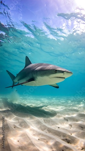 © Tukang, Fototapeta premium Shark swimming in clear shallow water
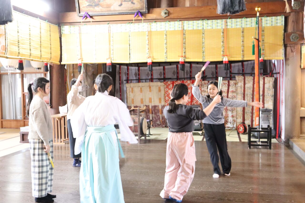 同神社では、これまでも児童が奉納舞に必要な所作を学び、結婚式や日々のお祭り、そして春季大礼祭(高岡御車山祭り)など、神事に参加してきました。
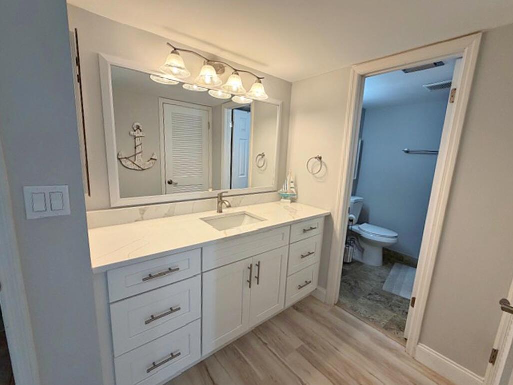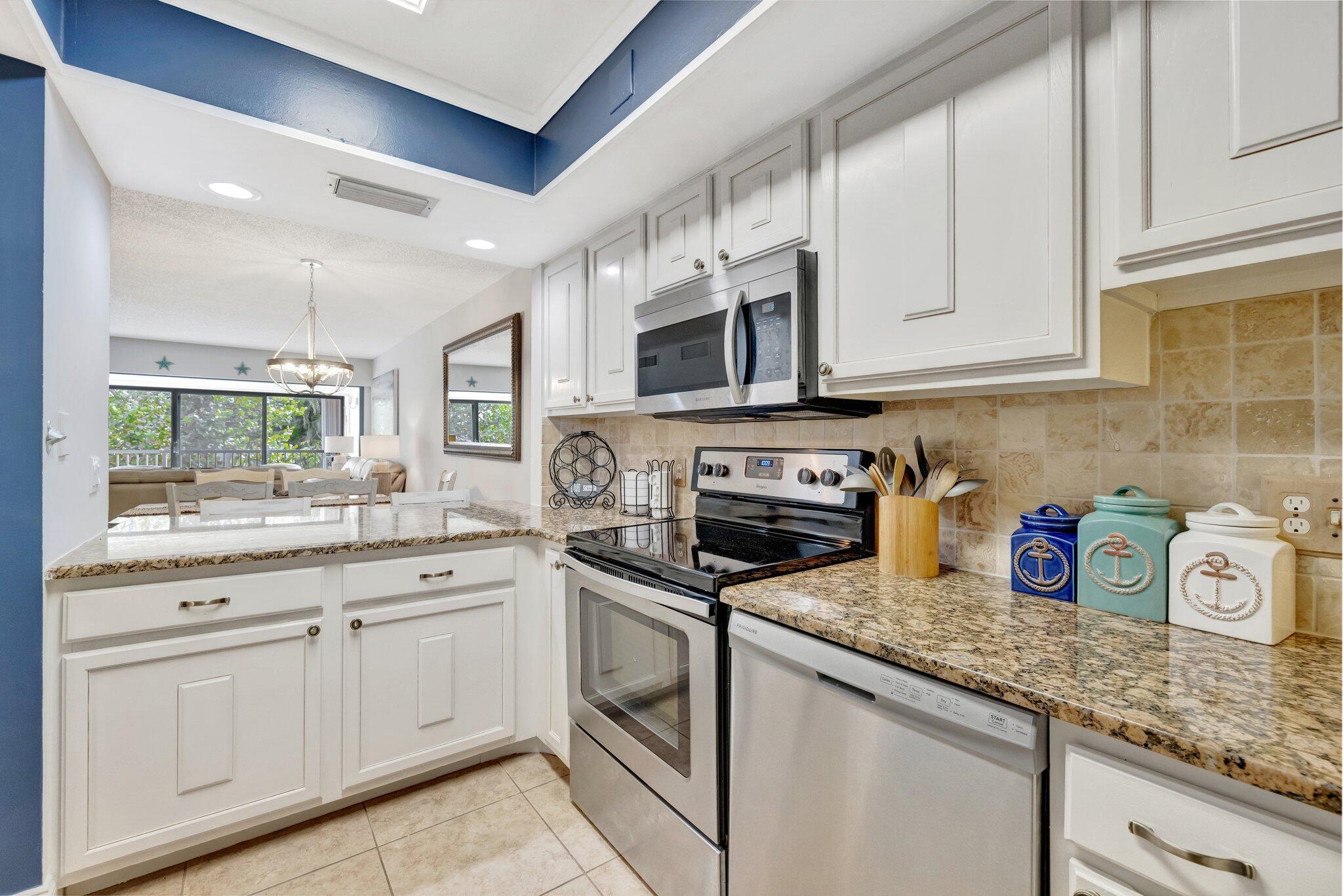 Beautiful 2 bedroom 2 bath furnished ''Beachtree I'' condo at Ocean Village. This light bright end unit is beautifully renovated including extended living room, granite kitchen counertop, new master vanity, new LVP flooring, washer/dryer, microwave, french doors to master suite, electric sun shade & newer A/C system. Spacious exterior storage closet. Beautiful & serene garden views. Excellent rental unit if owner so desires. Only steps to the ocean! Enjoy the best of Florida living at this beautiful oceanfront community with resort style amenites including 24 hr gated entry, 9 hole par 3 golf, tennis, pickleball, bocce ball, library, 4 heated pools, new clubhouse & fitness center, beautiful new main pool, oceanfront restaurant & tiki bar. 3500 ft of oceanfront. Measurements approximate.

*Work request*
The line containing "同神社では、これまでも児童が" marks the end; please output exactly the lines of the listing above from its first line through that line, without pictures.

*Exercise solution*
 © Tukang, Fototapeta premium Shark swimming in clear shallow water
 同神社では、これまでも児童が奉納舞に必要な所作を学び、結婚式や日々のお祭り、そして春季大礼祭(高岡御車山祭り)など、神事に参加してきました。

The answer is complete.